The noise of the buzzer near the entrance forced him out of bed. He was accustomed to the sound and his robe hung within easy reach. After putting it on, he walked the few feet to the front door and opened it to an attractive woman with hair perfectly coifed and surrounded by the perfume of lavender and cigarettes.
Rarely before had he felt this uncomfortable checking in a guest. “Good evening.” He pulled the tie of his robe tightly around him, then took in a deep breath. She didn’t seem to notice.
The woman fumbled with the purse hanging at her side. “You have a vacancy, right? The sign…”
“Of course. How many nights?”
“Oh, only one, thank you.” At the reception desk, her shallow laugh sounded of tinkling glass as her eyes fixed on the paper he handed her to complete.
He reached for the key from the board behind him. “This is one of our nicest rooms. Very secure.”
When she looked up from the page, the puffiness beneath her eyes that he’d barely detected before came into view in the muted light. Her smile illuminated her face and momentarily disguised her fatigue.
He looked at the paper, then reached over with the key in his hand. “Miss Crane. Have a good night.”
“And you do the same.” She took the key. “Thank you.”
As she walked away, he thought of how his life revolved around that hotel entrance ever since his father’s death. Even if the buzzer rang during the night, which was rarely the case, he rose early, tended the flowers in front—even though the garden fell under the responsibility of the handyman—then settled in with a cup of tea behind the heavy mahogany reception for the rest of the day.
And so it was that morning.
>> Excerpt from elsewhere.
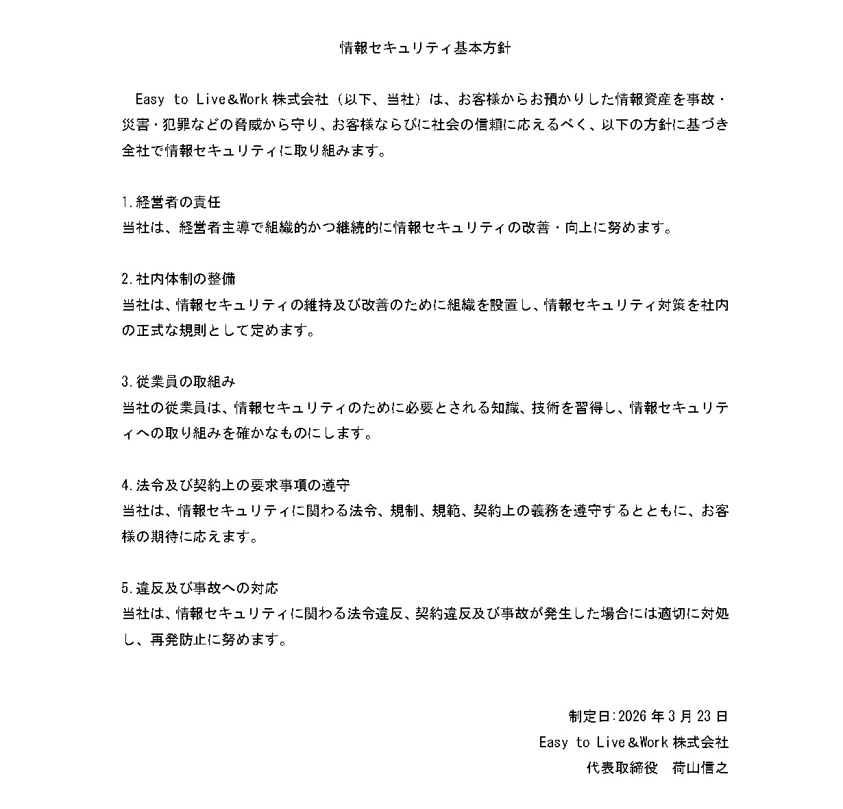 Easy to Live&Work株式会社は、独立行政法人情報処理推進機構(IPA)が運営する「SECURITY ACTION(セキュリティアクション)」の趣旨を理解し、2026年3月23日付で「SECURITY ACTION(二つ星)」を宣言いたしました。

With the thin local paper laid out in front of him, he took in the smell of oiled wood and waited for what the day would bring. That morning, she would be dressing perhaps. She might still be sleeping, as it was only 10am. Not every room was as well maintained as her room that he reserved for special guests, for those who showed respect, who treated him kindly. The room was not intended for the cranky salesman who came through twice a month on the way to Montford, or the old crone who visited her daughter in nearby Oak Grove.
The phone rang. Her voice on the other line quivered. “Can I have the room one more night?”
“I’ll come by later this morning with the payment. This room seems so…safe. I appreciate it. Bye.”
“Take your time, Miss Crane.”
The door slammed just as he hung up the phone.
“What needs fixin’ today, Mr. B?” A man in ill-fitting overalls sauntered in, a slash of white paint forever marring his red right cheek.
From behind the desk, Mr. B glanced at the newspaper articles. “3E has a dripping faucet. Take a look at the begonias in the side yard. And make sure that Miss Crane’s room, 2F, is in satisfactory order, please.” He did not look up. He suspected that the man would not make it to the end of his assigned duties, as usual.
At midnight, just as every night, Mr. B made his way back to the house behind the hotel. This ritual was something he’d never ignore, even though it left him drained and sometimes unable to sleep afterward. But she had to be attended to, her needs met. A little food, some conversation, a listening ear. An ear to hear the antique words and accusations that had never dissipated even after almost a decade of their hovering in the air, hiding in the cracks of the walls, and nestling beneath the cushion of the sofa from where she judged him.
When he was through with the visit, her command to him was clear. His last thought was of the old crone and the salesman, why he’d never bothered to dispense with them in this way. But she had never spoken of the crone. She had never judged the disheveled and unkempt salesman. Only Miss Crane.
He stumbled down the pathway with the question why playing over and over in his head, clutching her gift in his hand, the gift she had given up to him from the sheath of her ribs to take care of it once and for all. To end his lust for the guest in 2F.
When he reached her room, he took out the key from his pocket, opened the door, and heard the shower going full blast. He stepped inside. “Do it, Norman!” he heard the voice hiss in his ear as he pulled back the curtain. “Do it once more for your mother.”
Her words, the last sound he heard.
* * * * *
The police detective knelt down and reached over to turn off the water in the shower with his handkerchief, pessimistic that he’d get any prints anyway. “Two knives, huh? All the blood’s on the knife in the tub.” He looked over at the back of the head of curly hair of the person face down on the floor between the bathroom and hotel bedroom.
He picked the knife up carefully. Some blood still streaked across the blade. “Guess it’s hers.” He pointed to the lifeless old woman, her hair slightly askew, the second knife lying on the floor not far from her hand. “Who found her?”
The second detective surveyed his notes. “Handyman.”
“Did he see anyone?”
“Not this morning. Said that the last guest–someone named ‘Crane’–left sometime in the night but he never got a good look at her. Didn’t get a plate number off her car either.” The first detective pointed to the dead woman. “And he’d never seen this one before.”
The second detective scratched his head with his pencil. “Miss Crane must have gotten away safe. There’s no way a woman did this–bring in the handyman for questioning. One thing’s for sure, we won’t be seeing grandma again.” He punched a cigarette between his lips before they both went about finishing their routine and grisly duties.